Answer: This means that if an object is in free fall (ignoring air resistance) near the Earth’s surface, its velocity will increase by 9.8 meters per second for every second that it falls.

(r) Mass of the Moon is about $1/81$ times the mass of the Earth and its radius is about $37/10$ times the radius of the Earth. If the earth is squeezed to the size of the moon, what will be the effect on its acceleration due to gravity? Explain with the help of mathematical calculation.

Answer: Let’s assume the text intended to say $R_{Moon} = \frac{10}{37}R_{Earth}$. The Earth is squeezed, so $M_{new} = M_{Earth}$ and $R_{new} = R_{Moon} = \frac{10}{37}R_{Earth}$. Real gravity on Earth: $g_e = \frac{GM_e}{R_e^2}$. Gravity on “squeezed” Earth: $g_{new} = \frac{GM_e}{R_{new}^2} = \frac{GM_e}{(\frac{10}{37}R_e)^2} = \frac{GM_e}{\frac{100}{1369}R_e^2} = \frac{1369}{100} \times (\frac{GM_e}{R_e^2}) = 13.69 \times g_e$. Effect: If the Earth were squeezed to the size of the moon (assuming $R_m \approx 10/37 R_e$), its acceleration due to gravity would become 13.69 times stronger than it is now.

(s) The acceleration due to gravity of an object of mass 1 kg in outer space is $2m/s^{2}$. What is the acceleration due to gravity of another object of mass 10 kg at the same point?
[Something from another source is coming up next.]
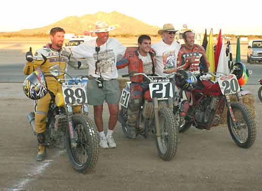 What makes an Eddie Mulder race an EVENT, as opposed to just another race are the people he brings to the table. These in the form of sponsors (more than anyone else promoting dirt track) and the crew behind the scenes. Without sponsors, A&A Racing, ARD Ignitions, Barnett, Bartels, Berkeley Yamaha/ Honda, Brown's Cycles, C&J Racing Frames, Coventry Spares, Digger Helm, Flat Track Ill., Johnson Cams, JRC Eng., K&N Filters, Kawasaki of Simi Valley, Maxima, Maxxis Tires, Megacycle Cams, Motion Pro, Red Hot Racing Frames, Rod Lake Racing, Saddlemen, San Diego Off Road, Shelly Ward Ent., Shoei Helmets, Tuff Plates, Works Performance, and Beth, Bob, Bob, David, Fred, Janice, Jessyca, Jodi, Laura, Penny, Phil, Rick, Roger, and Walt this series would never take place!

Justify with arguments.

Answer: The acceleration due to gravity of the 10 kg object will also be $2m/s^{2}$. Justification: Acceleration due to gravity ($g = \frac{GM}{R^2}$) is a property of the gravitational field at a specific point in space. It depends on the mass (M) of the large body (like a planet) and the distance (R) from it, not on the mass (m) of the object falling in that field. Therefore, all objects at that same point will experience the same acceleration, regardless of their own mass.

(t) A man first measures the mass and weight of an object in the mountain and then in the Terai. Compare the data that he obtains.
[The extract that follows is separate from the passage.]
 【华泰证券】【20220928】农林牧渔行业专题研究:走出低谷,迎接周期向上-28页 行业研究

Answer: Mass: The mass will be identical in both locations. Mass is the amount of matter in an object and is constant. A beam balance would show the same reading in both places. Weight: The weight will be greater in the Terai and less on the mountain. This is because the mountain is at a higher altitude, farther from the Earth’s center, where ‘g’ is weaker. The Terai is at a lower altitude, closer to the center, where ‘g’ is stronger. Since $W = mg$, the weight changes with ‘g’.

(u) A student suggests a trick for gaining profit in a business. He suggests buying oranges from the mountain selling them to Terai at the cost price. If a beam balance is used during this transaction, explain, based on scientific fact, whether his trick goes wrong or right.

Answer: His trick goes wrong. A beam balance measures mass by comparing the object (oranges) to a standard set of masses. Mass is constant everywhere. If he buys 10 kg of oranges on the mountain (measured with a beam balance), he will still have exactly 10 kg of oranges in the Terai (measured with a beam balance). Since he sells at the same cost price per kg, he will make no profit. (His trick would only work if he used a spring balance, which measures weight, as the oranges would “weigh” less on the mountain).

(v) How is it possible to have a safe landing while jumping from a flying airplane using a parachute? Is it possible to have a safe landing on the moon in the same way? Explain with reasons.

Answer: On Earth: A parachute has a very large surface area, which creates a large amount of upward air resistance (drag) as it falls. This drag force opposes the downward force of gravity. The parachute quickly reaches a “terminal velocity” where the drag force equals the force of gravity, and it stops accelerating, falling at a slow, constant, and safe speed. On the Moon: No, it is not possible. The Moon has no atmosphere, which means there is no air and therefore no air resistance. A parachute cannot create any drag. The object would be in a state of free fall and would accelerate at the Moon’s gravity ($1.63 \text{ m/s}^2$) all the way to the surface, resulting in a high-speed crash.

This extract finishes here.